Gebäudekomplex in Bonn: Signa lässt Schmierereien an Viktoriakarree entfernen

Gebäudekomplex in Bonn : Signa lässt Schmierereien an Viktoriakarree entfernen

Nach Anwohnerbeschwerden über Verwahrlosung des Viktoriakarrees reagiert nun der Eigentümer. Das Unternehmen Signa kündigte an, die Fassaden reinigen zu lassen.

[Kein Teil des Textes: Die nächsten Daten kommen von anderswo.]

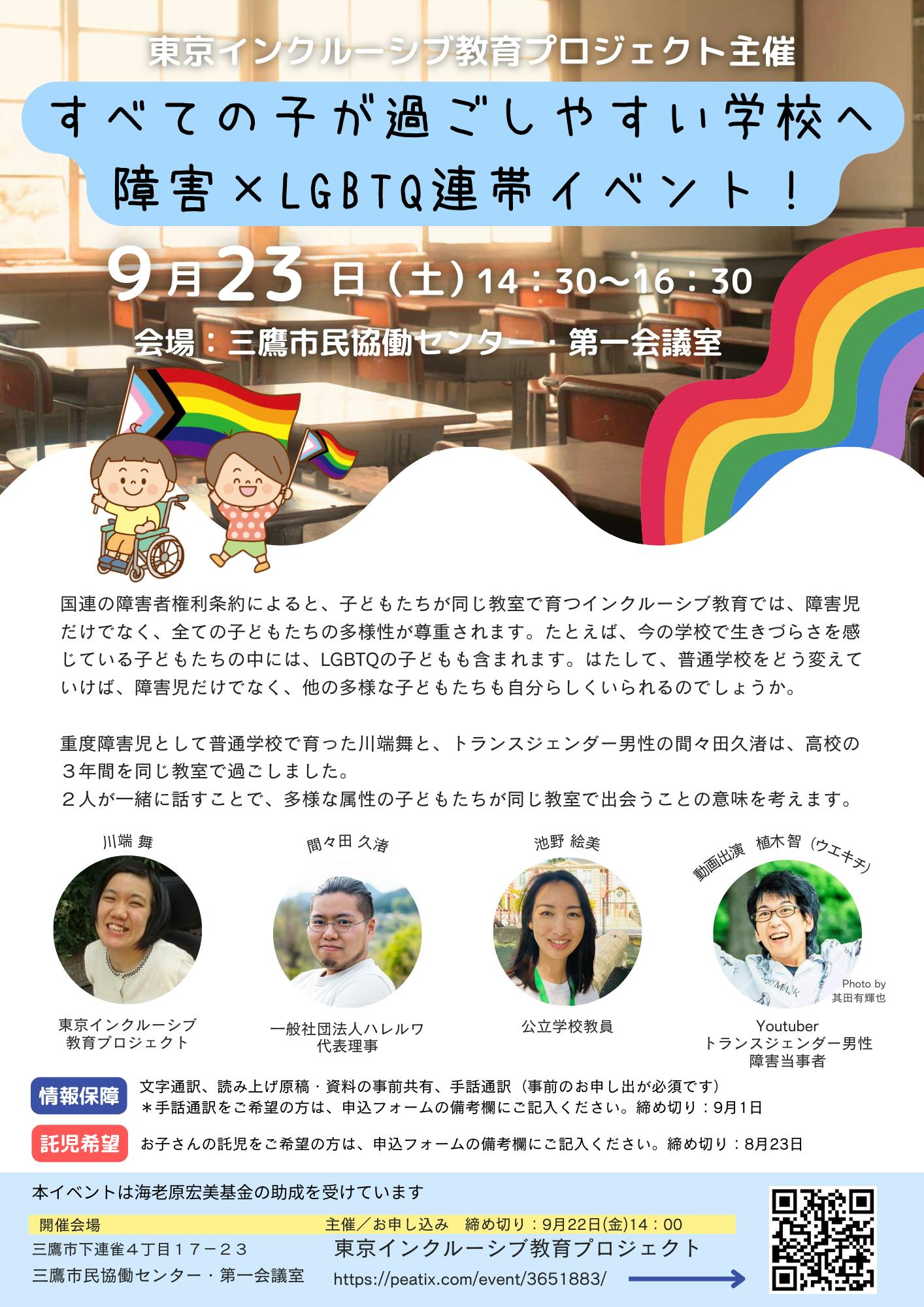 すべての子が過ごしやすい学校へ 障害×LGBTQ連帯イベント!
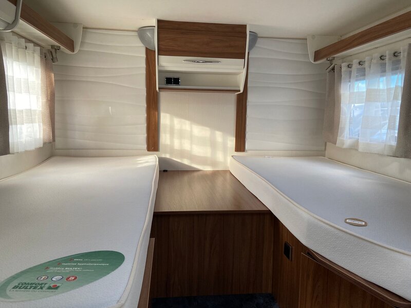 Ontdek deze prachtige, moderne half-integraal Pilote camper met enkele bedden en een hefbed boven de zitgroep. Het lichte interieur straalt zomerse gezelligheid uit, waardoor u zich direct thuis voelt.
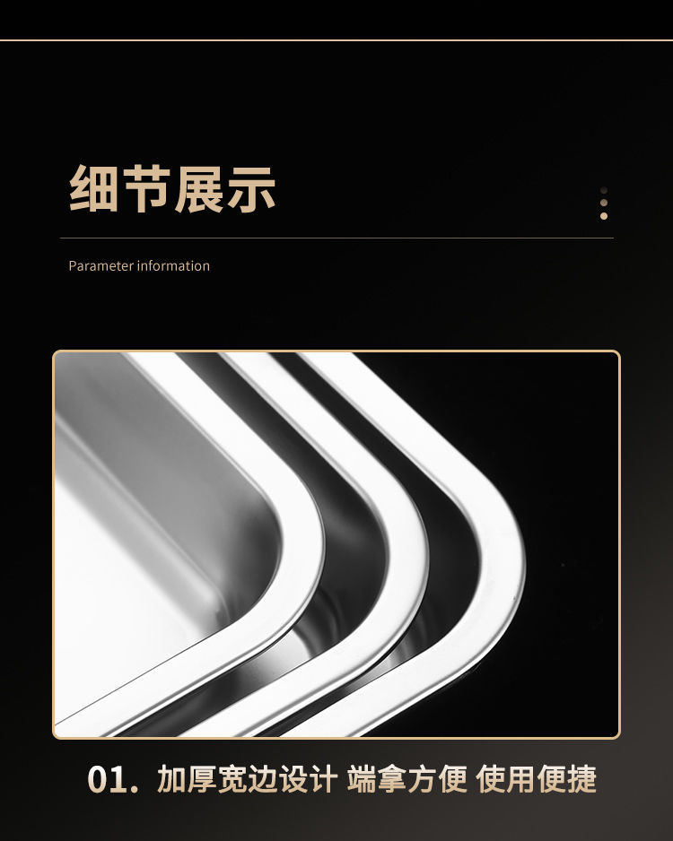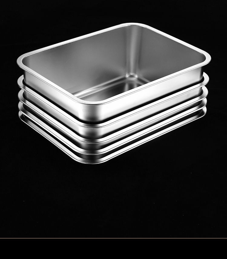 스테인레스 스틸 트레이 직사각형 두꺼운 평평한 바닥 사각형 트레이 바베큐 트레이 상업용 조리 트레이 저녁 식사 트레이 냉동 만두 트레이
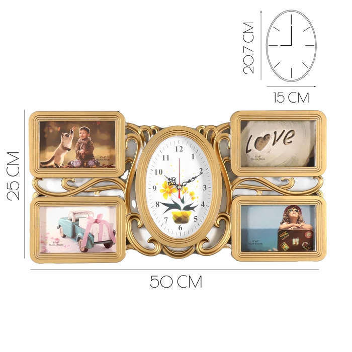 Часы настенные интерьерные, фоторамка - коллаж "Любовь", 50 х 25 см, циферблат 20.7 х 15 см
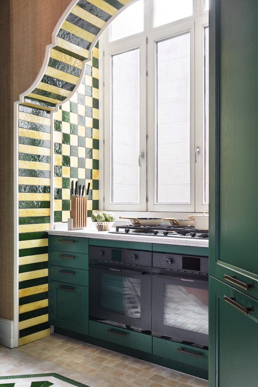 - Die Küche von Schmidt ist mal anders gedacht mit ihrer Platzierung in einer Nische. Dazu erscheint sie wie auf einer Bühne durch ihre Umrandung mit den glänzenden Fliesen im mutigen Farbmix. So wird klar, dass auch schlichte Küchen zu einer persönlichen Inszenierung werden können.

Es tut sich wieder etwas im Viktoriakarree: Nach längerer Funkstille hat Signa, ein Unternehmen des österreichischen Karstadt- und Kaufhofbesitzers René Benko, am Montag angekündigt, in den nächsten Tagen Haustüren, Wände und Fenster seiner Immobilien im Viktoriakarree reinigen zu lassen.

Wie berichtet, hatten Anlieger sich über den Zustand der Signa-Gebäude an der Rathausgasse beschwert. Sie sind über und über mit Graffiti beschmiert. „Wir sind gespannt, wie lange diesmal die regelmäßigen Sanierungs- und Reinigungsmaßnahmen wirken“, sagte Signa-Sprecher Robert Leingruber. Zuletzt hatte das Unternehmen Signa seine Gebäude Anfang 2017 reinigen lassen. Ursprünglich wollte Signa im Viktoriakarree ein Einkaufszentrum und eine Bibliothek für die Universität errichten.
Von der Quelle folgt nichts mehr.